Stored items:
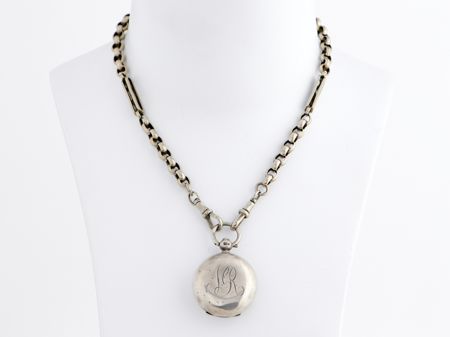 AN ANTIQUE SOVEREIGN CASE TO FOB CHAIN IN STERLING SILVER, LENGTH 400MM
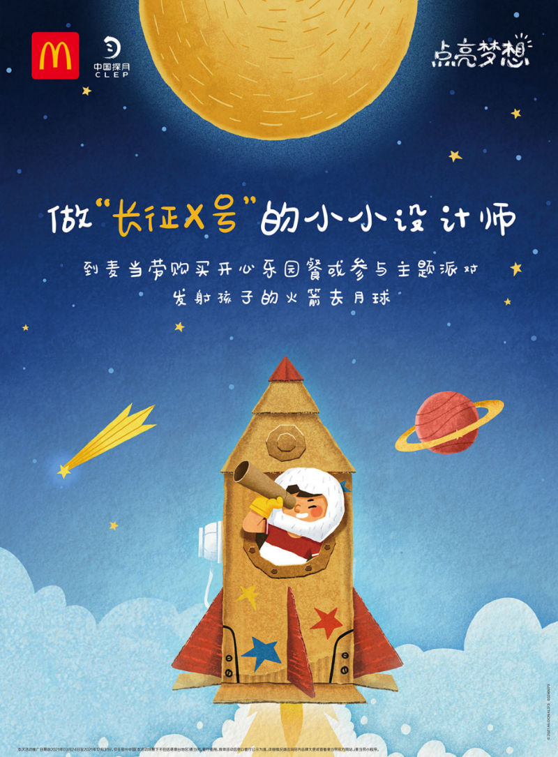 2021點亮夢想活動,是麥當(dāng)勞與中國探月的二度合作,雙方再次聯(lián)合守護夢想,并鼓勵動手實踐,做到“敢夢敢想敢為”。
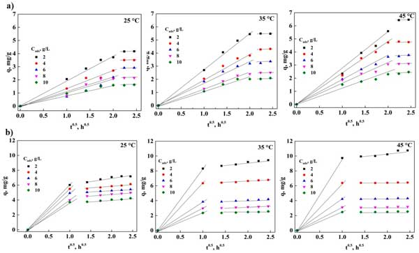 外部和粒子內(nèi)傳質(zhì)過程的分析可以對3,5-二硝基水楊酸的吸附產(chǎn)生顯著影響,在去除3,5-二硝基水楊酸時(shí)可能存在由于物質(zhì)傳輸造成的限制,這有必要對這種現(xiàn)象進(jìn)行分析。圖2a是以外擴(kuò)散模型為基礎(chǔ)構(gòu)建的,從中可以看出,對于活性炭,在吸附過程中接觸長達(dá)6小時(shí)的實(shí)驗(yàn)點(diǎn)處存在一條直線,這表明存在以下可能性,在任何溫度的過程中通過外部傳質(zhì)控制。圖2b顯示了粉末活性炭在3,5-二硝基水楊酸吸附中獲得的實(shí)驗(yàn)數(shù)據(jù)的表示,其中在與吸附劑接觸1小時(shí)時(shí)觀察到一條直線。這表明使用活性炭粒子不存在外部傳質(zhì)問題,因?yàn)?,5-二硝基水楊酸會迅速從溶液中去除,擴(kuò)散到表面。此外,這表明活性炭顆粒中的吸附過程可能是由于表面存在的官能團(tuán)。根據(jù)這些結(jié)果,確定是否也存在內(nèi)部傳質(zhì)問題很重要,從而能夠確定3,5-二硝基水楊酸刪除過程是否受到這種現(xiàn)象的存在的顯著影響。
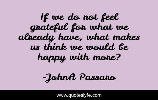 This page presents the quote "If we do not feel grateful for what we already have, what makes us think we would be happy with more?". Author of this quote is JohnA Passaro. This quote is about gratitude, life, motivation, inspiration,.
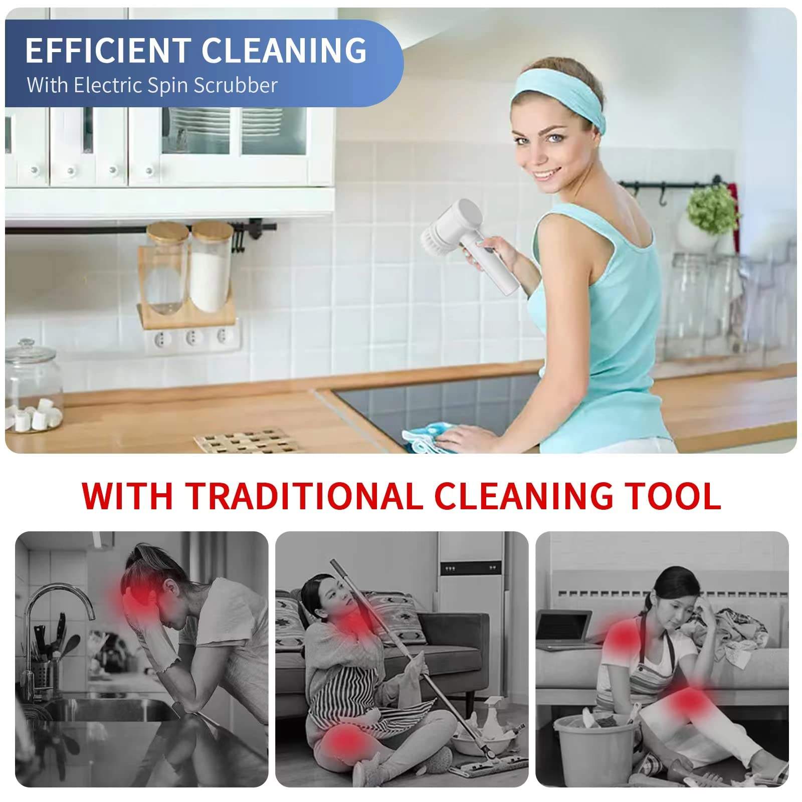 • Cordless Electric Scrubber – তার ছাড়াই ব্যবহারযোগ্য

◆ **REQUIREMENT**
Apart from the pictures, which are to be omitted, every record must be transcribed exactly.

◆ **RESULT OF THE TASK**
 AN ANTIQUE SOVEREIGN CASE TO FOB CHAIN IN STERLING SILVER, LENGTH 400MM
 2021點亮夢想活動,是麥當(dāng)勞與中國探月的二度合作,雙方再次聯(lián)合守護夢想,并鼓勵動手實踐,做到“敢夢敢想敢為”。
 外部和粒子內(nèi)傳質(zhì)過程的分析可以對3,5-二硝基水楊酸的吸附產(chǎn)生顯著影響,在去除3,5-二硝基水楊酸時(shí)可能存在由于物質(zhì)傳輸造成的限制,這有必要對這種現(xiàn)象進(jìn)行分析。圖2a是以外擴(kuò)散模型為基礎(chǔ)構(gòu)建的,從中可以看出,對于活性炭,在吸附過程中接觸長達(dá)6小時(shí)的實(shí)驗(yàn)點(diǎn)處存在一條直線,這表明存在以下可能性,在任何溫度的過程中通過外部傳質(zhì)控制。圖2b顯示了粉末活性炭在3,5-二硝基水楊酸吸附中獲得的實(shí)驗(yàn)數(shù)據(jù)的表示,其中在與吸附劑接觸1小時(shí)時(shí)觀察到一條直線。這表明使用活性炭粒子不存在外部傳質(zhì)問題,因?yàn)?,5-二硝基水楊酸會迅速從溶液中去除,擴(kuò)散到表面。此外,這表明活性炭顆粒中的吸附過程可能是由于表面存在的官能團(tuán)。根據(jù)這些結(jié)果,確定是否也存在內(nèi)部傳質(zhì)問題很重要,從而能夠確定3,5-二硝基水楊酸刪除過程是否受到這種現(xiàn)象的存在的顯著影響。
 This page presents the quote "If we do not feel grateful for what we already have, what makes us think we would be happy with more?". Author of this quote is JohnA Passaro. This quote is about gratitude, life, motivation, inspiration,.
 • Cordless Electric Scrubber – তার ছাড়াই ব্যবহারযোগ্য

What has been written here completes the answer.